*Task goal*.
Quote exactly, and only, the lines from the one containing "対応手順に全てチェックが付い" through the end of the material below. Skip pictures.

*Available data*.
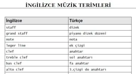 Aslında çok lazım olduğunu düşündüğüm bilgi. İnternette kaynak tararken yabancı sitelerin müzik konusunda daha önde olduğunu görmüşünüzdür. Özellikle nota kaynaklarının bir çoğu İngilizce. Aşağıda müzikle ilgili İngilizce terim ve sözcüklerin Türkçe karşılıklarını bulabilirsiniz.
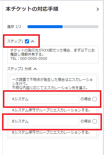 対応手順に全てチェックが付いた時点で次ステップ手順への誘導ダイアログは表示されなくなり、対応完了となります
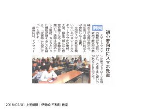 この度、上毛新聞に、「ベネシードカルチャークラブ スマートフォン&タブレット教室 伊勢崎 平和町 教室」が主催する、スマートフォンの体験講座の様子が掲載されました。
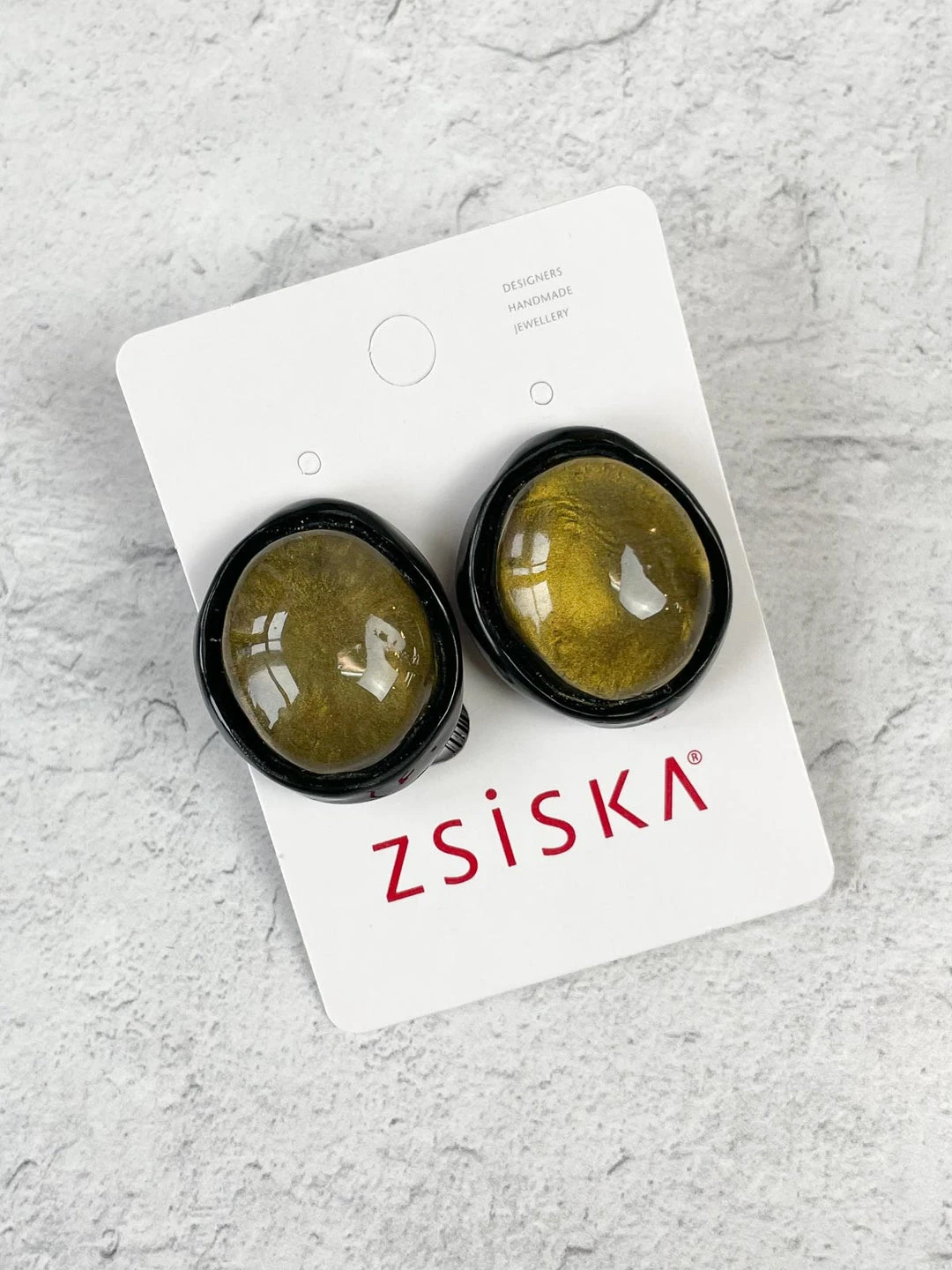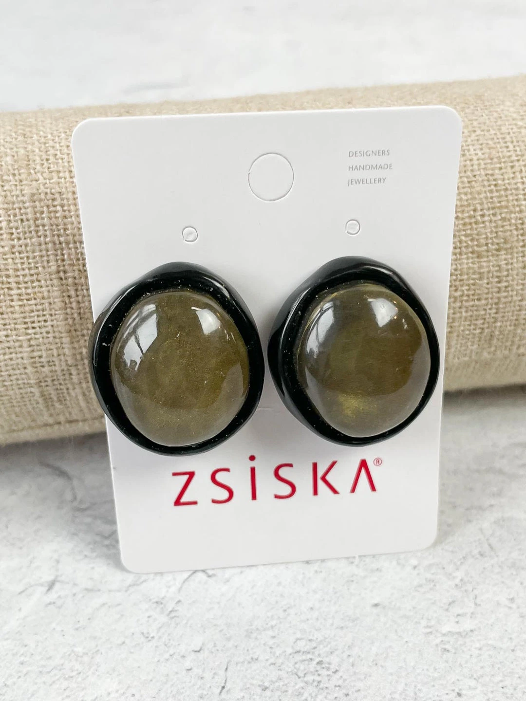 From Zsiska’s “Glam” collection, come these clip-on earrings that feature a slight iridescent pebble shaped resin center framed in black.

*Output of the exercise*.
 対応手順に全てチェックが付いた時点で次ステップ手順への誘導ダイアログは表示されなくなり、対応完了となります
 この度、上毛新聞に、「ベネシードカルチャークラブ スマートフォン&タブレット教室 伊勢崎 平和町 教室」が主催する、スマートフォンの体験講座の様子が掲載されました。
 From Zsiska’s “Glam” collection, come these clip-on earrings that feature a slight iridescent pebble shaped resin center framed in black.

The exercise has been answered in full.